In the context of read
we set the IFS
variable to nothing, which means that whitespace won't be inappropriately interpreted as a delimiter. read
is told -r
, which disables escape expansion, and -d $'\0'
, which makes the end-of-line delimiter NULL, matching the ouput from our find
, sort
pipeline.
The first chunk of data, that represents the oldest directory path preceded by its timestamp and a space, is read into the variable line
. Next, parameter substitution is used with the expression #*
, which simply replaces all characters from the beginning of the string up to the first space, including the space, with nothing. This strips off the modification timestamp, leaving only the full path to the file.
At this point the file name is stored in $file
and you can do anything you like with it, including rm -rf "$file"
.
Isn't there a simpler way?
No. Simpler ways are buggy.
If you use ls -t
and pipe to tail
you'll break on files with newlines in the file names. If you rm $(anything)
then files with whitespace in the name will cause breakage. If you rm "$(anything)"
then files with trailing newlines in the name will cause breakage.

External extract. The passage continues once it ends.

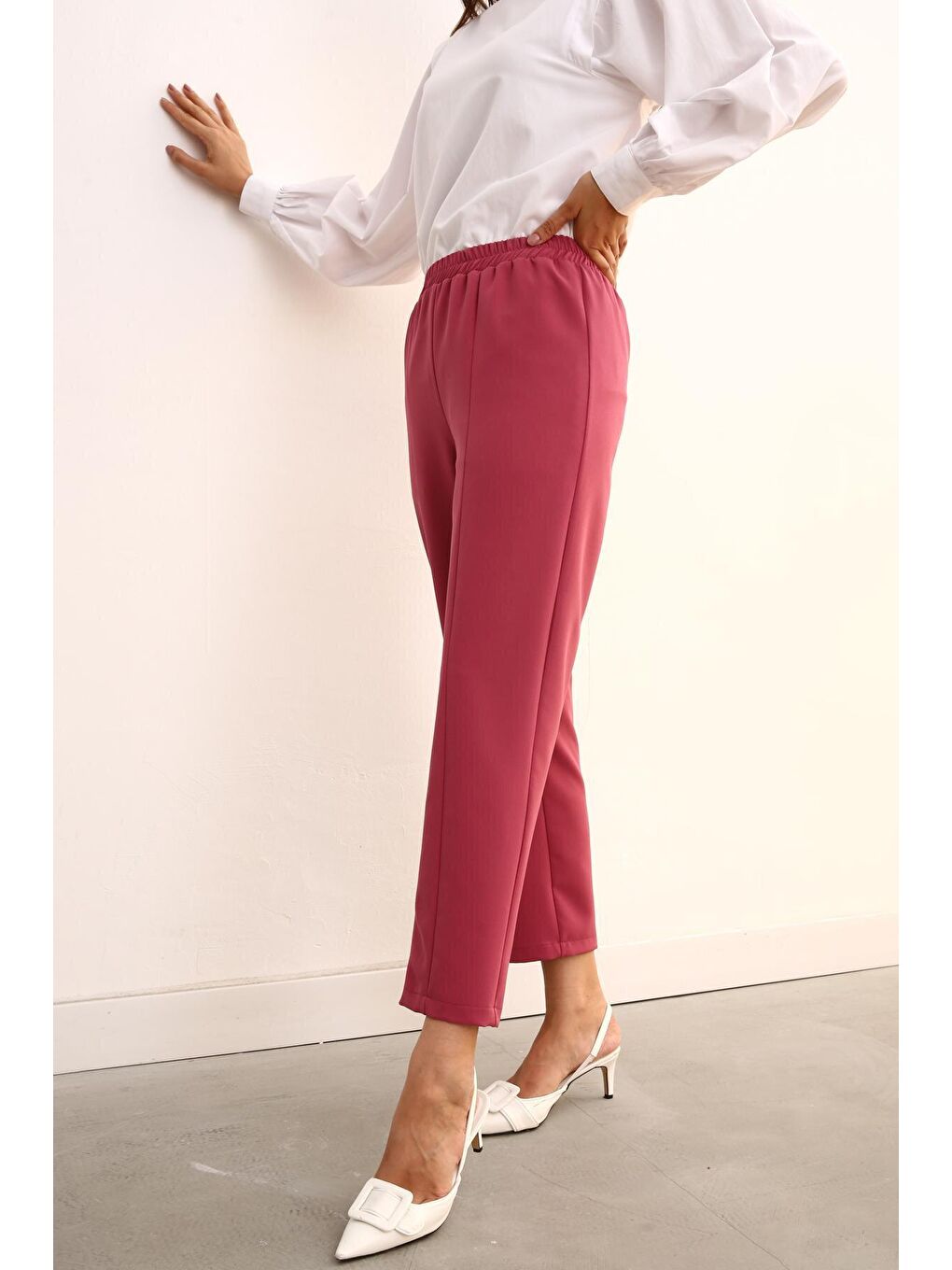 شلوار دمپا گشاد کمر کشی رز صورتی

Perhaps in specific cases you know for sure that a simpler way is sufficient, but you should never write assumptions like that in to scripts if you can avoid doing so.
Edit
#!/usr/bin/env bash
dir="$1"
min_dirs=3
[[ $(find "$dir" -maxdepth 1 -type d | wc -l) -ge $min_dirs ]] &&
IFS= read -r -d $'\0' line < <(find "$dir" -maxdepth 1 -printf '%T@ %p\0' 2>/dev/null | sort -z -n)
file="${line#* }"
ls -lLd "$file"
A more complete solution to the problem, since it checks the dir count first.
Solution 2
you can use something like the folliwing:
#!/bin/sh
keep=3
while [ `ls -1 | wc -l` -gt $keep ]; do
oldest=`ls -c1 | head -1`
echo "remove $oldest"
rm -rf $oldest
done
it might be better to use find . -type d -maxdepth 1
instead of ls
though. it depends on the naming schema you use for the directories. if they are naturally sorted correctly by their name you can use find
, sort
and head
or tail
to get the oldest/newest directory. the ls
approach uses the ctime attribute to sort.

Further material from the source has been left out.